BHU:  A już na pewno biegać bez tych pakietów, z których ktoś korzysta, bo to jest absurdalne. Nie dość, że to jest tak naprawdę kupa śmieci, wyrzucasz po zawodach gdzieś tam, generujesz się plastiki i papier itd. Jeszcze do tego naprawdę często jest nikomu niepotrzebne. Więc tak, tak.

JM: Ja ja mówię szczerze, nie u nas na zawodach zrezygnowaliśmy z wszelkiego rodzaju wkładek, które są nieprzydatne. Także stwierdziliśmy, że jeśli coś ma być w pakiecie a wiemy, że ludzie lubią jednak cokolwiek dostać w pakiecie, to woleliśmy się dogadać ,że  jeśli coś ma być do pakietu dołożone to  dajcie fajną cenę. My za drugą część dopłacimy i robimy wam reklamę podaję wtedy zaglądasz do pakietu, masz fajne sole mineralne, fajne żele pod prysznic. Rzeczy, które po prostu zużyjesz a nie wyrzucić. Ale to co mówię, zgłaszają się jakieś firmy czasem, dadzą nam coś ale musimy tych ulotek nawciskać. Nie chcę i tłumaczę, że to nie jest moja zła wola, tylko mam wrażenie, że coraz więcej ludzi tego nie chce. To widać na wielkich imprezach gdzie idziesz i ze śmietników wysypują się wszystkie ulotki i wygląda to słabo. A powinniśmy się ograniczać tak. I znowu wracamy do tego tematu.

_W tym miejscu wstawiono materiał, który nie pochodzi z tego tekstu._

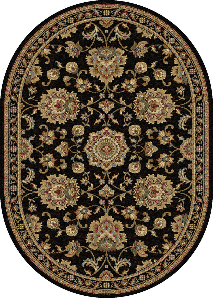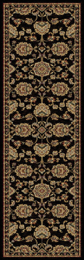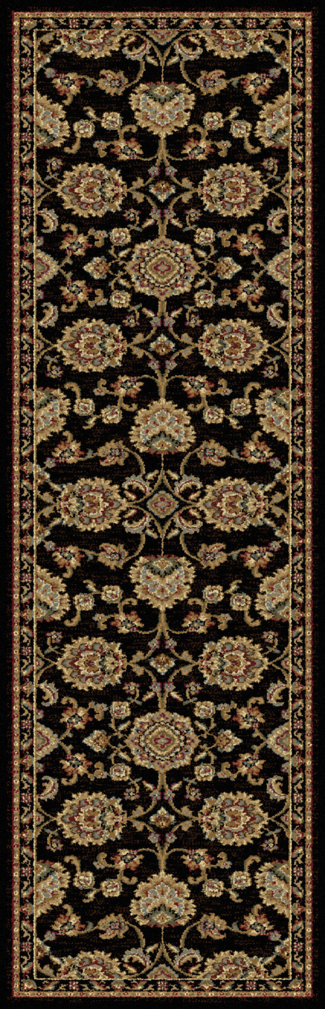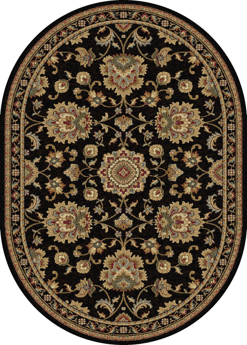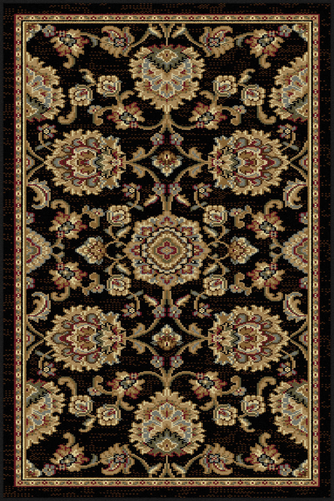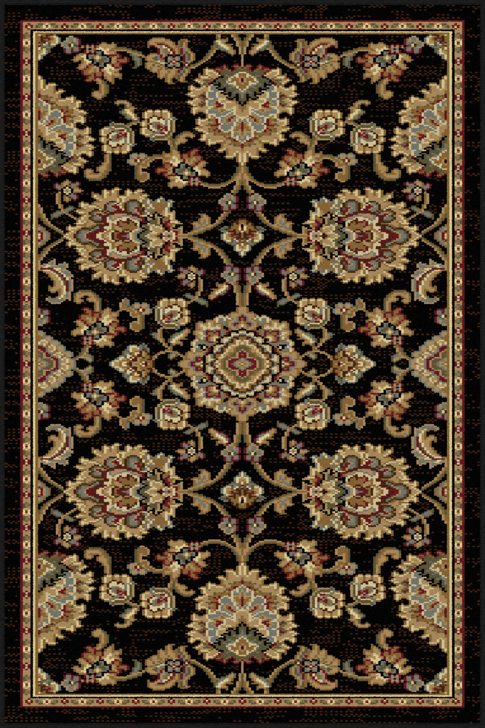 Infuse an air of elegance to any room with this oriental traditional area rug. Ornate floral with intricate border. Jet black background with fawn beige, bone ivory, brass, scarlet, fern green, and cadet blue. Easy to maintain because the soft polypropylene fibers are naturally stain-resistant. Vacuum to restore pile; spot clean with mild detergent and water when necessary; do not bleach.

BHU: Dokładnie. Fajnie jakby to wszystko się zmniejszyło, skomnpresowało żebyśmy zaczęli myśleć też o tym. Może nie musimy co tydzień jeździć przez cały kraj na zawody. To co się stało w górach na przestrzeni ostatnich kilku lat,t o jest absurdalne. Autentycznie tych zawodów, moim zdaniem jest za dużo. Zaczynajmy deptać te góry i to już przestaje być takie niewinne niewinny bieganko, tylko Zaczynamy po prostu odciskać swoje piętno na naturze.

JM: Ja tam się cieszę, że nigdy nie byłem jakoś panem biegów, ale uważam, że teraz góry sobie odpoczywają od nas i to jest okej.

BHU: Ale ciekawą rzecz powiedziałeś, która ciągle mi siedzi w głowie a propos biegów. Powiedziałeś, że te duże biegi możliwe, że gdzieś przestaną funkcjonować albo nie zepną budżetu. Chciałem zrozumieć, jak to działa. Mi się zawsze wydawało, że te biegi działają na tej zasadzie, że ty organizujesz powiedzmy 6 miesięcy przed zawodami, zbierasz wolontariuszy, sponsorów, wszystko zbierasz, potem po biegu rozliczasz cały bieg i potem pół roku jest cisza w cudzysłowiu. I, że budżet jest zamknięty tak naprawdę, ten budżet tylko z sezonu na sezon przechodzi. Dlaczego myślisz, że te duże biegi będą miały problem z utrzymaniem się. Może jest coś w organizacji tych biegów, czego ja po prostu nie rozumiem.

JM: Wiesz co, duże biegi przy tak dużej skali, które nie opierają się np. tylko na pracy wolontariuszy. Ja oczywiście nie mówię, że wolontariusz nie kosztuje. Bo ludziom się wydaje, że wolontariusz nie kosztuje, wolontariusza trzeba położyć spać. Jemu trzeba dać fajny pakiet w postaci tego, że jak tu przyjedzie to się nie powinien martwić o to czy będzie miał co do jedzenia, czy będzie miał co do picia, że będzie miał fajną imprezę integracyjną. Do nas ludzie przyjeżdżają z tego powodu, że potrafimy dwa dni później wrzucić wyniki oficjalne w internet. No bo najpierw zwijamy trasę a potem będziemy się bawić, razem z tymi, którzy u nas startują. Jeśli ktoś chce, patrząc po biegu, który robimy . Z roku na rok coraz więcej tych ludzi zostaje. A jeśli są organizowane biegi, które opierają się na tym, że to sponsorzy są jakby głównym źródłem utrzymania organizatorów, to wydaje mi się, że teraz będzie jeszcze trudniej o sponsorów niż do tej pory. Nawet tym dużym biegom, bo nie ma co ukrywać ,nasza gospodarka dostała tak po tyłku, że te firmy będą musiały szukać cięć. No nie ukrywajmy, to bieganie nie jest najważniejsze.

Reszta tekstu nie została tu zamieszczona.